Partly I think I'm just crap at being queer, like we're supposed to have Radically Fixed an eros that doesn't follow scripts or expectations, doesn't require certain kinds of bodies or to be centered around certain kinds of acts; and so when you don't fit, it shouldn't be disabling, it's a roundabout route to empowerment - how beautiful our experiments are. Rather than looking at where I am now and thinking: well, I have no idea what to do with any of this. I feel like the butt of the unkindness of jokes about how the hets just can't hack (mouths/hands/toys/etc) - which were never good jokes, and always a kind of defensively smug - unkind to the ways that what is important, is important.

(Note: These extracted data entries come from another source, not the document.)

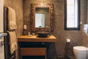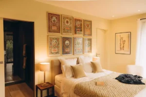 Take a stroll through the market stalls of Ramatuelle or organize a game of petanque in the garden of the villa. Then meet on the terrace of Chez Camille, perched above the Mediterranean, to share a bouillabaisse and a bottle of rosé de Provence. After a day of sunbathing on the warm sand of Escalet Beach, return to the cozy atmosphere of the bedroom, or relax in the Balinese-style stone bath.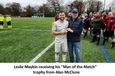 On Saturday 7th June 2025 we hosted a now annual Army Vets triangular competition for the “Frank Hewitt Memorial Trophy”. Frank had been a hard working trustee for the Army veterans. In the semifinal we beat a guest team Dunmurry YM to replace Tri-Service who unfortunately couldn’t be facilitated by 3 goals to nil and in the final we beat the organising AAVS by 6 goals to 2. Other beaten semifinalists were 152 North Irish Vets. We supplied a buffet after the matches were trophies were handed out, and we also received “Player of the Tournament” which was jointly shared by William Wharry and Mattie Holden.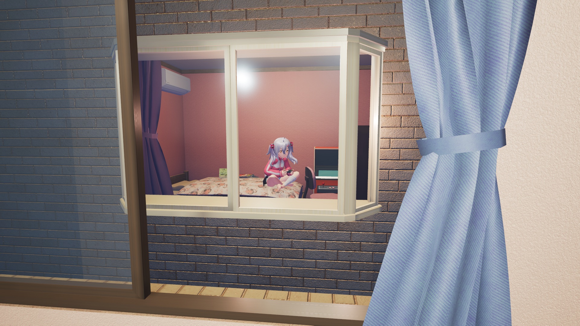 Quanto detto finora rappresenta l’ossatura del gioco, nonché quanto il più volte citato Gal Gun VR aveva da offrire. Il titolo è tuttavia molto più articolato, con un collante narrativo forte: avrete 18 giorni per debellare l’invasione demoniaca in corso ed i finali possibili saranno molteplici, a seconda delle missioni portate a termine. Ci saranno infatti dei personaggi principali, ad iniziare dal nostro angelo custode, con delle loro trame che si dipaneranno fino ad un loro esito naturale, nonché personaggi secondari e terziari con ulteriori vicende e l’aggiuntiva possibilità di ottenere i loro numeri di telefono, per chiedere appuntamenti futuri. Ogni giornata si dividerà in mattina, pomeriggio e sera con un conseguente cambio di illuminazione ed altrettante possibili missioni, per poi giungere la notte nella nostra cameretta che sarà personalizzabile nell’arredamento e oggetto anch’essa di dialoghi ed incontri.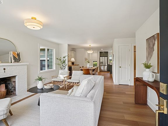 Beautifully remodeled 1953 bungalow, transformed top to bottom with modern updates! Located in the highly desirable Hayhurst neighborhood of SW Portland. This bright and airy home offers the perfect balance of comfort, style, and function. Step inside and discover an inviting living space featuring a brand new, expansive kitchen, ideal for both everyday living and entertaining. This home features two wood-burning fireplaces, 4 bedrooms and 3 full baths, and over 2000 sqft. The primary bedroom boasts a private en suite bathroom with a double vanity, walk-in shower, and an impressive walk-in closet with custom organizers. The second main-floor bedroom is perfect for guests or an office, with a full bathroom nearby. The full basement offers a large family room and plenty of space with two additional bedrooms, a third bathroom, a utility room with laundry, and ample storage. The large backyard and patio are perfect for gathering with family and friends. Key updates include: High-efficiency furnace and air conditioning, new water heater, plumbing, and electrical systems, New 200-amp electrical service, meter, and panel. New roof, energy-efficient appliances, quartz countertops and tile backsplash in the kitchen + freshly tiled bathrooms, new flooring and paint throughout and more! Perfectly located within walking distance of local schools, Gabriel Park, and a short drive to Multnomah Village and Jesuit High School, this home offers the ideal mix of suburban tranquility and city convenience. Open House Sat. Oct. 4th and Sun. Oct. 5th 1-3PM [Home Energy Score = 6. HES Report at https://rpt.greenbuildingregistry.com/hes/OR10242123]

I don't feel attractive in the male way; and there's a very real sense in which, "attractive in the trans-butch genderqueer cusp way" is my worst nightmare, something that paradoxically feels worse and further away than drifting along in non-denominational womanhood. & that's a worry that's limited me a Lot; like, playing around with suits at the weekend, I'm definitely able to pull myself together in a way that's desireable to someone - but not in ways that I enjoy. But then I think, maybe some time spent hooking up with people specifically thirsty for where I am in this moment might be good for me - like eating an apple or being good for the dentist.
It's strange, given the popular conception of going on T, but increasingly certain over the past few weeks that I've somehow become more asexual; which doesn't feel like a relief or something resolving, as the bi stuff does, more like - oh heck, more uncertainty, more ways to feel weird in my body and relationships. And I feel like I've lost touch with the small handful of things I knew I liked (without learning new ones), and that doesn't feel like an exciting moment of possibility, more like more opportunities to get passively assaulted a lot; if I can't pilot my own body, there's no hope in a stranger figuring it out.

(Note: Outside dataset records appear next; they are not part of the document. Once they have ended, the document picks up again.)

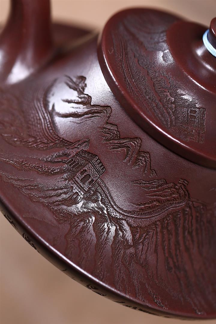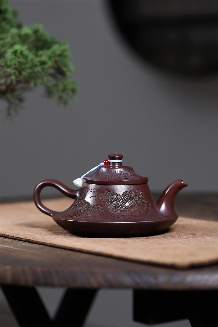 【作品介紹】此款壺形線條流暢,壺把,壺嘴,壺身壹氣呵成栩栩如生,是收藏把玩的好壺,泥料色澤古樸典雅,日久使用,漸露鋒芒,養成變化快,溫潤莊重,用其泡茶,使用的年代久,壺身就溫潤,泡出來的茶湯也就醇郁芳馨。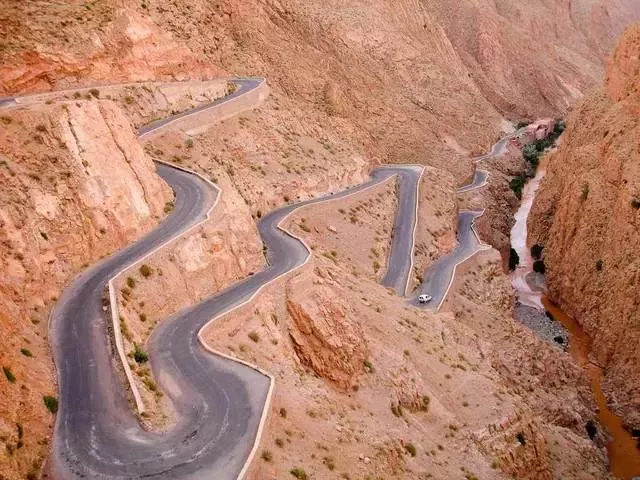 DAY2:從瓦爾扎扎特(或玫瑰谷)出發(fā),經(jīng)過托德拉峽谷、梅祖卡小鎮(zhèn),到達(dá)沙漠邊緣,騎駱駝或乘越野車進(jìn)入沙漠,下午抵達(dá)沙漠宿營地,夜宿沙漠;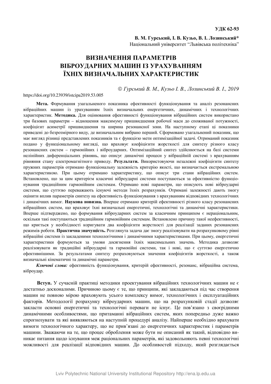 Гурський В. М. Визначення параметрів віброударних машин із урахуванням їхніх визначальних характеристик / В. М. Гурський, І. В. Кузьо, В. І. Лозинський // Автоматизація виробничих процесів у машинобудуванні та приладобудуванні : український міжвідомчий науково-технічний збірник. — Львів : Видавництво Львівської політехніки, 2019. — Том 53. — С. 5–12.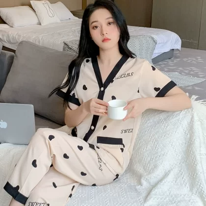 High-end ice silk pajamas for women in summer cardigan short-sleeved trousers plus fat plus size sexy home clothing two-piece set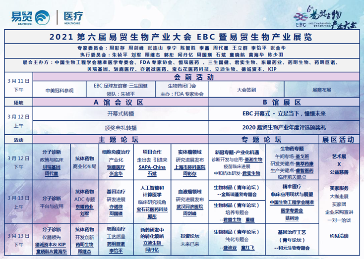 2021第六屆易貿(mào)生物產(chǎn)業(yè)大會(huì)EBC將于3月11-13日在蘇州國(guó)際博覽中心隆重召開(kāi)。EBC 2020年參會(huì)人數(shù)2724人,2021年將突破4000人規(guī)模,參會(huì)人群覆蓋創(chuàng)業(yè)者、科學(xué)家、臨床醫(yī)生、投資人和供應(yīng)商等。同期開(kāi)展的易貿(mào)生物產(chǎn)業(yè)展覽,將有超過(guò)200家儀器、耗材、服務(wù)等供應(yīng)商展出,會(huì)+展聯(lián)動(dòng)的EBC,已成為國(guó)內(nèi)外生物產(chǎn)業(yè)高層交流與合作的標(biāo)桿平臺(tái)。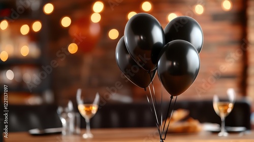 © Freshpixel, Naklejka premium This image features a cluster of black balloons artistically arranged on a wooden table, creating an elegant atmosphere suitable for celebration or partying.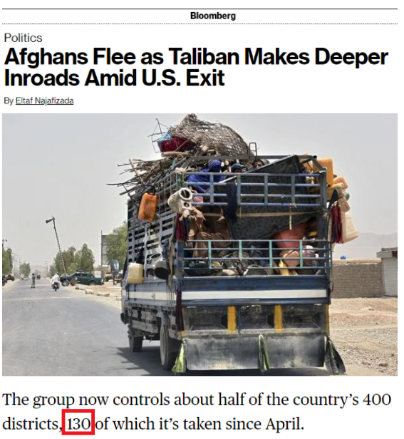 據(jù)彭博社6日?qǐng)?bào)道,塔利班目前已經(jīng)控制阿富汗400個(gè)地區(qū)中的約一半,其中有130個(gè)區(qū)域是4月美國宣布撤軍以來奪取的。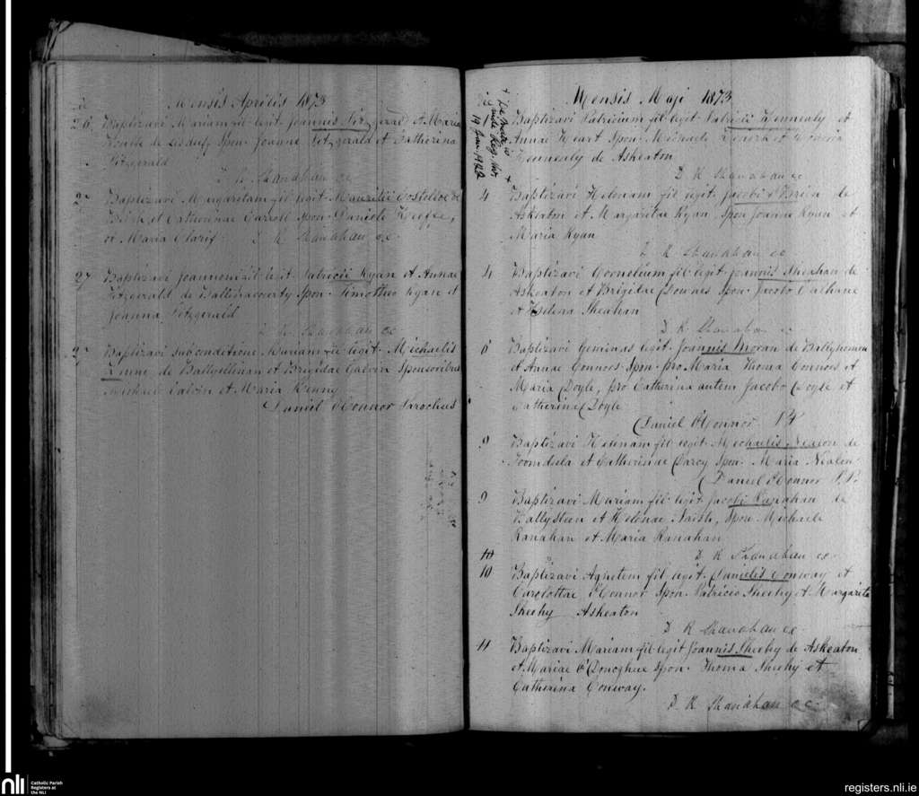 Askeaton; County of Limerick; Diocese of Limerick. Baptisms, Apr. 1873 to May 1873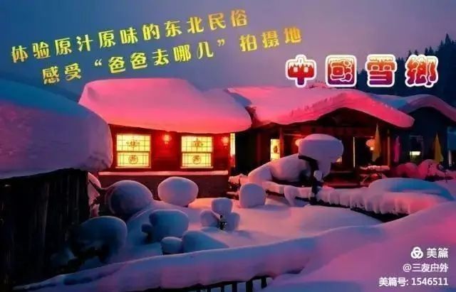 中午到达雪乡,漫步雪云街,欣赏白天的雪乡风光。随意逛逛《林海雪原》《爸爸去哪儿》的拍摄地,逛逛被各种形状的雪覆盖的农家院落,看一看自然奇特的雪景:别看2尺厚的雪卷成雪舌伸在屋檐上,别看长短如牛尾巴的冰柱挂在屋前如同冰帘。可以像孩子一样坐在雪圈里,狗拉雪橇。可以在自家前院后院欣赏雪乡奇异而难以想象的雪景,也可以爬上村后的小山丘俯瞰村里飘来的炊烟和匆匆而过的游客。旅行时,千万别偷懒哦! 在雪乡,三天没有晴天,一直都在下雪。懒人,也可以宅在家里,在炕上吃零食聊天,像城里的猫狗一样在房间里感受30℃的温室生活。推荐:梦幻家园景区,可以自费看雪菇、赏东北二人转(我宁愿放弃一顿饭,也不吃二人转)。住宿条件好,位置极佳,客栈就在雪乡大石碑旁边,出门就是大石碑、广场、雪云街、观景栈道。相比雪乡昂贵的餐费,晚饭后一定要沿着雪云街观景栈道走走,看看色彩斑斓、神奇的夜景,还可以看看街上的雪乡秧歌,或者去广场一起玩乐;千万不要错过。带上帽子手套,注意保暖。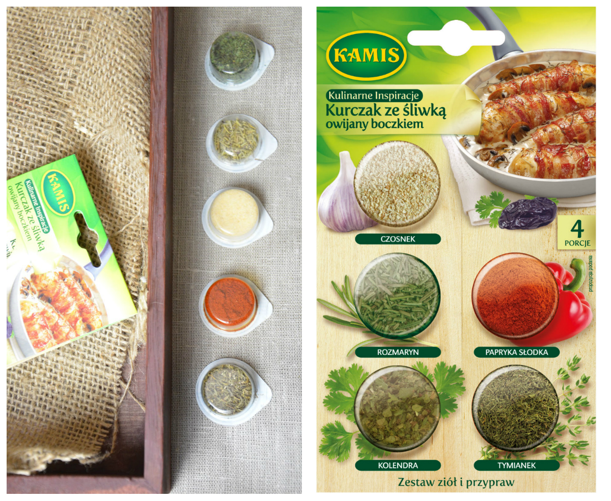 Moje pierwsze podejście z Kulinarnymi Inspiracjami Kamisa. Na pierwszy ogień poszła mieszanka przypraw do kurczaka ze śliwką, owiniętego boczkiem. W skład przypraw wchodzi: czosnek granulowany, papryka, tymianek, rozmaryn i kolendra. Rozwiązanie to jest bardzo przydatne dla osób, które mało gotują w kuchni a chcą zabłysnąć np podczas kolacji dla znajomych. Plusem tego zestawu jest to, że wykorzystujemy wszystkie przyprawy, dzięki czemu nic nam nie zostaje i nic nie wietrzeje. Bo wiadomo, im dłużej przyprawy zostają nieużywane, tym szybciej tracą swój aromat i smak. Kurczak ten smakował nam bardzo i do tego pieczone ziemniaczki – czego chcieć więcej?

Anyway, last night as I was laying awake in the dark - it came to me clear as a voice from God: I'd rather be dead than queer. oh crikey, how are we in 2022 and yet somehow still there. Love to feel so intimately connected to the long lineage of ancestors that way, to feel their thoughts and know their inmost secrets. This week has been strange; I experimented with my large collection of depression lingerie for comfort, to check that nope - also not good. It feels like I've exchanged a sense of active discomfort in my body for sudden absence and alienation. What would it feel like to stop existing? A bit like this, I suppose.

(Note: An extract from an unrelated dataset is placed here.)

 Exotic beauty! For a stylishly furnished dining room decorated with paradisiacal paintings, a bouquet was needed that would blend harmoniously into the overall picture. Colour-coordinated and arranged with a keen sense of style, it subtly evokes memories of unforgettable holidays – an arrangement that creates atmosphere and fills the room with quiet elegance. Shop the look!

And I miss my ex; that is, I miss being in a situation where the world seems to be turning aright, I miss having a sense of something that is very certain and deeply-felt, instead of everything seeming a bit false and like I'm sort of going through the motions without a clear compass or star. I can see where I fit into that world; and I don't know how to find that with another person, or independently of a person. An endless sense of wrongness; a half of something. I'd like to sit down with this part of me and talk over a cup of tea, and feel myself warmed.